Ruang sidang Pengadilan Tipikor Jakarta Pusat ramai pada Senin (19/1) lalu. Sidang perdana itu menyeret nama Immanuel Ebenezer Gerungan, mantan Wakil Menteri Ketenagakerjaan yang biasa disapa Noel. Dia diadili terkait kasus dugaan pemerasan dalam penerbitan sertifikasi Keselamatan dan Kesehatan Kerja (K3).
Agenda utama hari itu adalah pembacaan dakwaan. Dengan suara tegas, Jaksa Penuntut Umum (JPU) menyatakan bahwa Noel didakwa menerima gratifikasi selama masa jabatannya. Nilainya tak main-main.
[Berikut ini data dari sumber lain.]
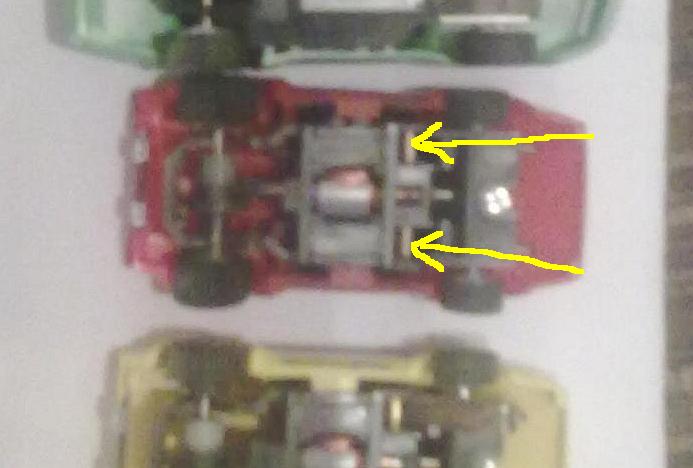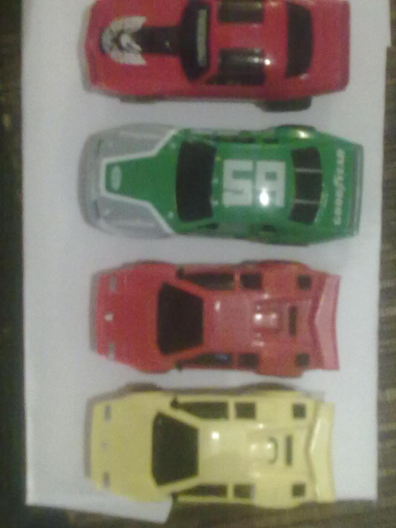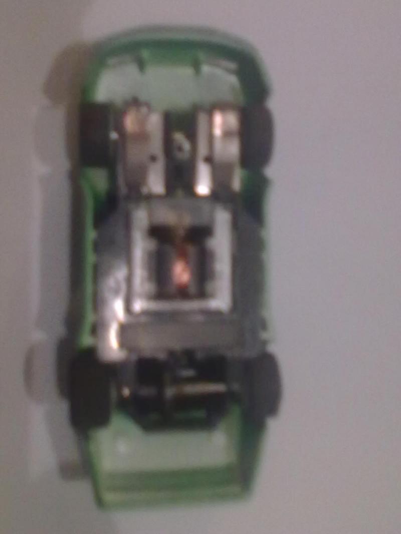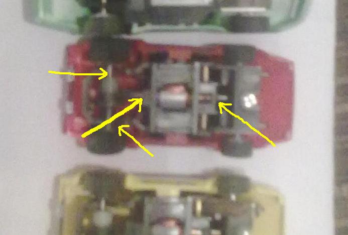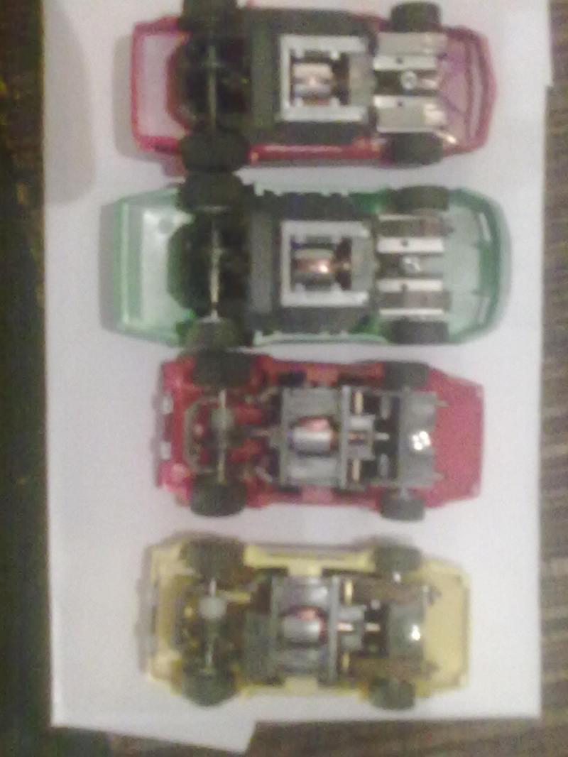 Il y a deux lamborghini une qui va trés bien et l'autre à laquelle il manque les 2 frotteurs et les deux ressorts.Les deux autres voitures dont la verte semblent être des chassis "wide" et seule la verte roule mais pas aussi vite que la lambo, la camaro s'allume (elle est eclairée) mais ne roule pas (charbons surement).

“Bahwa Terdakwa IMMANUEL EBENEZER GERUNGAN pada periode Oktober 2024 s.d. Agustus 2025, baik langsung maupun tidak langsung telah menerima uang yang seluruhnya berjumlah Rp3.365.000.000,00 (tiga miliar tiga ratus enam puluh lima juta rupiah) dan 1 (satu) unit sepeda motor Ducati Scrambler dengan Nopol B 4225 SUQ dari ASN Kemnaker dan pihak swasta,” ujar Jaksa.
Menurut jaksa, uang dan motor itu tak pernah dilaporkan ke KPK dalam batas waktu 30 hari setelah diterima. Karena itu, penerimaan itu dianggap sebagai gratifikasi yang berubah menjadi suap. Hal ini melanggar Pasal 12C ayat (2) Undang-Undang Tipikor.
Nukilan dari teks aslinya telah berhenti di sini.